WHAT IS BEING ASKED >>
Return the following from the records below: each line, word for word, starting with the line that contains "The figure shows" and going on through the line that contains "Carnilove kattefoderet her", with nothing outside that range.

DATASET RECORDS >>

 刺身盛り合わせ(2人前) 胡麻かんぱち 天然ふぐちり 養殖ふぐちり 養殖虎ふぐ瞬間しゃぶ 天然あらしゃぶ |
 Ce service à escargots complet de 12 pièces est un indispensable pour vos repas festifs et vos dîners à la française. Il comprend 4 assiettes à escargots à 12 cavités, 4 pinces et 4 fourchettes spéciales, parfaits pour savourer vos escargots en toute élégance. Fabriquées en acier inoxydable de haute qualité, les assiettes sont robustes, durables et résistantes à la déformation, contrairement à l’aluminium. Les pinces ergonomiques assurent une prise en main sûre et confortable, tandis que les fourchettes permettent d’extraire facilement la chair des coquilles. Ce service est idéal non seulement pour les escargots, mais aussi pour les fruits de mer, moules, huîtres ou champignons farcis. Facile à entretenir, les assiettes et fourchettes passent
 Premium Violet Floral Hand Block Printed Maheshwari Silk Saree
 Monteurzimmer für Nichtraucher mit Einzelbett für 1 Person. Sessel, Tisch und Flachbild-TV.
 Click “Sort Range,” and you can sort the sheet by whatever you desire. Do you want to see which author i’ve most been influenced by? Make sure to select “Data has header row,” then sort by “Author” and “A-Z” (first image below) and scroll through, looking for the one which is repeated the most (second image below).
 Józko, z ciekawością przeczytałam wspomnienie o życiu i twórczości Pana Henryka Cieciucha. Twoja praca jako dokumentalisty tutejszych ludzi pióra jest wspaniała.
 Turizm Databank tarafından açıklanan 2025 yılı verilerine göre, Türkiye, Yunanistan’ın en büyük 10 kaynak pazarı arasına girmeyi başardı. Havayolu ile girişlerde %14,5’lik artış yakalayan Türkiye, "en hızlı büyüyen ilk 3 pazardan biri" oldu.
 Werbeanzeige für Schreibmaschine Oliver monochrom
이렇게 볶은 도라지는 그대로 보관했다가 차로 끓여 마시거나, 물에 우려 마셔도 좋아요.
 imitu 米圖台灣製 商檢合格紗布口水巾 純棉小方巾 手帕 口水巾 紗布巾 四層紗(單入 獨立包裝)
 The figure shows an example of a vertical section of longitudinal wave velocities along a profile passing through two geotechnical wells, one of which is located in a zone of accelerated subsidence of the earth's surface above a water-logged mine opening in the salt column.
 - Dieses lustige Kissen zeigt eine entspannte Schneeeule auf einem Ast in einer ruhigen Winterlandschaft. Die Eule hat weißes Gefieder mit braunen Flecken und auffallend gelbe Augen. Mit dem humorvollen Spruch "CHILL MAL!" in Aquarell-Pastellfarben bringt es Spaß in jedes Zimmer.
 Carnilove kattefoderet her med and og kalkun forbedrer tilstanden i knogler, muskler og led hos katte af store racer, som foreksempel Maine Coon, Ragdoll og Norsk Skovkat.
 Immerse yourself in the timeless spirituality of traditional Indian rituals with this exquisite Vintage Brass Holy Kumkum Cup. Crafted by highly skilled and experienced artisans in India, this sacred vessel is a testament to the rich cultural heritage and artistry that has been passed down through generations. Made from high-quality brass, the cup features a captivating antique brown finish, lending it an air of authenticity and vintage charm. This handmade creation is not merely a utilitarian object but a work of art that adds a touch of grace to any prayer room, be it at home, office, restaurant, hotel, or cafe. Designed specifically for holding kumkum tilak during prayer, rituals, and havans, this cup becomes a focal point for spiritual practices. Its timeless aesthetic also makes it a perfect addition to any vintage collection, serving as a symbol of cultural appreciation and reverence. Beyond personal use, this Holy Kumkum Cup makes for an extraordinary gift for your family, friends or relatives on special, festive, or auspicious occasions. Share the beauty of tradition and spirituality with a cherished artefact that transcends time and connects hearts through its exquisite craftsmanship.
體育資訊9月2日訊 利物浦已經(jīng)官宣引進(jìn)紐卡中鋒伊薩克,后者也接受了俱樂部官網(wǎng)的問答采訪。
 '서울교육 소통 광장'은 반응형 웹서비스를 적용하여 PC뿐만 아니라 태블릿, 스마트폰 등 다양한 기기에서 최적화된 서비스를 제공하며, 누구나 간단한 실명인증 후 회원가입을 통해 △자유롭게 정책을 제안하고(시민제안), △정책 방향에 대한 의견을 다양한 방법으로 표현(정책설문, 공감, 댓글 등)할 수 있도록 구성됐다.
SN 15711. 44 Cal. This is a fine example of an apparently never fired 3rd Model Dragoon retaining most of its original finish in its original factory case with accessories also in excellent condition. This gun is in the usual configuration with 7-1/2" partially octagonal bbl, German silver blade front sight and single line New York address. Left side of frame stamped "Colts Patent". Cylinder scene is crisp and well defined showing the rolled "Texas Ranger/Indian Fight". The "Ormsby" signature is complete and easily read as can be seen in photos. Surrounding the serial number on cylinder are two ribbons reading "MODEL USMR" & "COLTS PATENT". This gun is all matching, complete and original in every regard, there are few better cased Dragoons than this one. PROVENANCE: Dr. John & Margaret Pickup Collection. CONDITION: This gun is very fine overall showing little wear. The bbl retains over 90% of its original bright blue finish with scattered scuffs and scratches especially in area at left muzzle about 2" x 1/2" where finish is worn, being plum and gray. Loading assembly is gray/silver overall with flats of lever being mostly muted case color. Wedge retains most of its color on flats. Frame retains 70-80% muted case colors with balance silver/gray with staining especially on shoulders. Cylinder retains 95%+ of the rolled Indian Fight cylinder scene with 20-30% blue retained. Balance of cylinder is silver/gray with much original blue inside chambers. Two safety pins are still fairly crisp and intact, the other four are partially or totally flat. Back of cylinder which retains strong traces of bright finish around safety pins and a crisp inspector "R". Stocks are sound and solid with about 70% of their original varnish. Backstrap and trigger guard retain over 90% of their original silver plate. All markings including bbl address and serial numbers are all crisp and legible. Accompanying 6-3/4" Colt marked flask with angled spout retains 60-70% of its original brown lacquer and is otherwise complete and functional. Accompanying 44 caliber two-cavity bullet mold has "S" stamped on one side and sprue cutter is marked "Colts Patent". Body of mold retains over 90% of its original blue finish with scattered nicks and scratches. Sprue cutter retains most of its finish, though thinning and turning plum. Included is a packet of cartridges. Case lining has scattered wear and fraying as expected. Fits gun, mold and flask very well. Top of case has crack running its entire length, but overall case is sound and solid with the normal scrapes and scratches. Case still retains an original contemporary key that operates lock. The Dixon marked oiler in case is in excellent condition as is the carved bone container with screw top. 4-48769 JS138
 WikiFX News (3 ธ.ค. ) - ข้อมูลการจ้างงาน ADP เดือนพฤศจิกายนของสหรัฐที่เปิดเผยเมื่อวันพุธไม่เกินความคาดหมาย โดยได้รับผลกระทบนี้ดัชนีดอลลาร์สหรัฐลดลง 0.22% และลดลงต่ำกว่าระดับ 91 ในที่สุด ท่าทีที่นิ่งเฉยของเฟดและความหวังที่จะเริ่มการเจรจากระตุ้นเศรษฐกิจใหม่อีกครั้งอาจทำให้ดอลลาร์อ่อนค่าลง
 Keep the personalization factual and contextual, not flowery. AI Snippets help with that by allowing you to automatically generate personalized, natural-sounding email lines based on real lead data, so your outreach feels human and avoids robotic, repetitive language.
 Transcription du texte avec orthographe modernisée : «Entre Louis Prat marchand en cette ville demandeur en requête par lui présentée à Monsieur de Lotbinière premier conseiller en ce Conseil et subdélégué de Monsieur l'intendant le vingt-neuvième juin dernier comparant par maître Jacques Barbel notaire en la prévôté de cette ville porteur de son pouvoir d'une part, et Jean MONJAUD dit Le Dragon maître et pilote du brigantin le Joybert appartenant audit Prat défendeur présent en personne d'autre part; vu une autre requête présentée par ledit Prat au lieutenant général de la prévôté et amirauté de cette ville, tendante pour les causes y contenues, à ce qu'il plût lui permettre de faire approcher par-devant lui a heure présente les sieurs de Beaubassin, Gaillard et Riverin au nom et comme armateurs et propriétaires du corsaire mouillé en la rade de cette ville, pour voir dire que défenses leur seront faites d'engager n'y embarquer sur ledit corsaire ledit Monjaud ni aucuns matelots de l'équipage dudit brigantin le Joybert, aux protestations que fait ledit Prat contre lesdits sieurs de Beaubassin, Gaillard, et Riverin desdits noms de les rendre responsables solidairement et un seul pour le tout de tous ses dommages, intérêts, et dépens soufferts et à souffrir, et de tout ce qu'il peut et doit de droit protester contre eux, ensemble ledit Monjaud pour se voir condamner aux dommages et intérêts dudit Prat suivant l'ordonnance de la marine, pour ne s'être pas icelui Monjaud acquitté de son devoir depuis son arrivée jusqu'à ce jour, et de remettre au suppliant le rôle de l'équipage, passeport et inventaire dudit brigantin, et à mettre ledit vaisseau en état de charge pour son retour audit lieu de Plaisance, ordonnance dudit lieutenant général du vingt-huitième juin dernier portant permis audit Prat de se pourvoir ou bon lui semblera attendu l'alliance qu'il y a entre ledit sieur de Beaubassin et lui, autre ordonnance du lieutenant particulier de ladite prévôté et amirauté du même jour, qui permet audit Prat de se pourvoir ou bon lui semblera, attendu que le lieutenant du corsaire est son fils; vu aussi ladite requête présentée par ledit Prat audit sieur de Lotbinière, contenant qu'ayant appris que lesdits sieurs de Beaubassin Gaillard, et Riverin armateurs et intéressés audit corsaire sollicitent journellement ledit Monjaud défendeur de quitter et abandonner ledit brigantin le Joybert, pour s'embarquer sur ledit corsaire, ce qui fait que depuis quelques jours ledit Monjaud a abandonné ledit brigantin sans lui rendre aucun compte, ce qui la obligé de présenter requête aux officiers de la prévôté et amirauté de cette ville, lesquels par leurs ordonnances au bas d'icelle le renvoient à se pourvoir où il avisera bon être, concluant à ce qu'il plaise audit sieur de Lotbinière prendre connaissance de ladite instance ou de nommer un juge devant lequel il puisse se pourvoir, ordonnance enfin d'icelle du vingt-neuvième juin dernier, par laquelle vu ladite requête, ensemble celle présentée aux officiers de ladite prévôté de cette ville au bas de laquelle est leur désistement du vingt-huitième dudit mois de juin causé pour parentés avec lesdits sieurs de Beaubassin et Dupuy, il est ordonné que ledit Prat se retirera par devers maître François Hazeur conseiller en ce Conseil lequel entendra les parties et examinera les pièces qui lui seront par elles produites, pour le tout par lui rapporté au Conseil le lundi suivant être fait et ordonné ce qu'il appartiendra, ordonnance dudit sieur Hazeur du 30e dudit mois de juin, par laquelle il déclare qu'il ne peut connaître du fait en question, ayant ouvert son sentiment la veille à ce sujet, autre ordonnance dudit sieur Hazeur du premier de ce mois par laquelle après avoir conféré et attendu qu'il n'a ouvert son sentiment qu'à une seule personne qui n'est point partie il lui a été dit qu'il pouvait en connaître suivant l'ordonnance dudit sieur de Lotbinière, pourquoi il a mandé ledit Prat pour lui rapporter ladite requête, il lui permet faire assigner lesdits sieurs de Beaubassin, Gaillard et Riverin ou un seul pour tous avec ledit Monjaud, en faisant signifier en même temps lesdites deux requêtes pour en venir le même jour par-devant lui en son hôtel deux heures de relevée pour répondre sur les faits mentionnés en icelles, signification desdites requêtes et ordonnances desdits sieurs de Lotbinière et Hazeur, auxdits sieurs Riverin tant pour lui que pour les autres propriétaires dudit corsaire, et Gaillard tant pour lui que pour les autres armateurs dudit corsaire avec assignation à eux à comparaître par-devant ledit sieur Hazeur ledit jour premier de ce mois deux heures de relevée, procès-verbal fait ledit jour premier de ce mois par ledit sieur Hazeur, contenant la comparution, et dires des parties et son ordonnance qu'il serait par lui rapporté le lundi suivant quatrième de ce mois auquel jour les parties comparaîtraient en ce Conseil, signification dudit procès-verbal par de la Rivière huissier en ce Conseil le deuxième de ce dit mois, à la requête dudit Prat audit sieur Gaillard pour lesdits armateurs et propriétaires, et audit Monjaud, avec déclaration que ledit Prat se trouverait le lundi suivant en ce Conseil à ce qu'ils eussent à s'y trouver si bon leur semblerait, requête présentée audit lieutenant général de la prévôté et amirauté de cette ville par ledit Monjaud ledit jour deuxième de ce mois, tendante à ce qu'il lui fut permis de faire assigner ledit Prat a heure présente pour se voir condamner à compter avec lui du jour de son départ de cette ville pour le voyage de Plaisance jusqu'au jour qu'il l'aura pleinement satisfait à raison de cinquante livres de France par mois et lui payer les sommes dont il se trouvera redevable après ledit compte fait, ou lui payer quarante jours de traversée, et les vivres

TASK RESPONSE >>
 The figure shows an example of a vertical section of longitudinal wave velocities along a profile passing through two geotechnical wells, one of which is located in a zone of accelerated subsidence of the earth's surface above a water-logged mine opening in the salt column.
 - Dieses lustige Kissen zeigt eine entspannte Schneeeule auf einem Ast in einer ruhigen Winterlandschaft. Die Eule hat weißes Gefieder mit braunen Flecken und auffallend gelbe Augen. Mit dem humorvollen Spruch "CHILL MAL!" in Aquarell-Pastellfarben bringt es Spaß in jedes Zimmer.
 Carnilove kattefoderet her med and og kalkun forbedrer tilstanden i knogler, muskler og led hos katte af store racer, som foreksempel Maine Coon, Ragdoll og Norsk Skovkat.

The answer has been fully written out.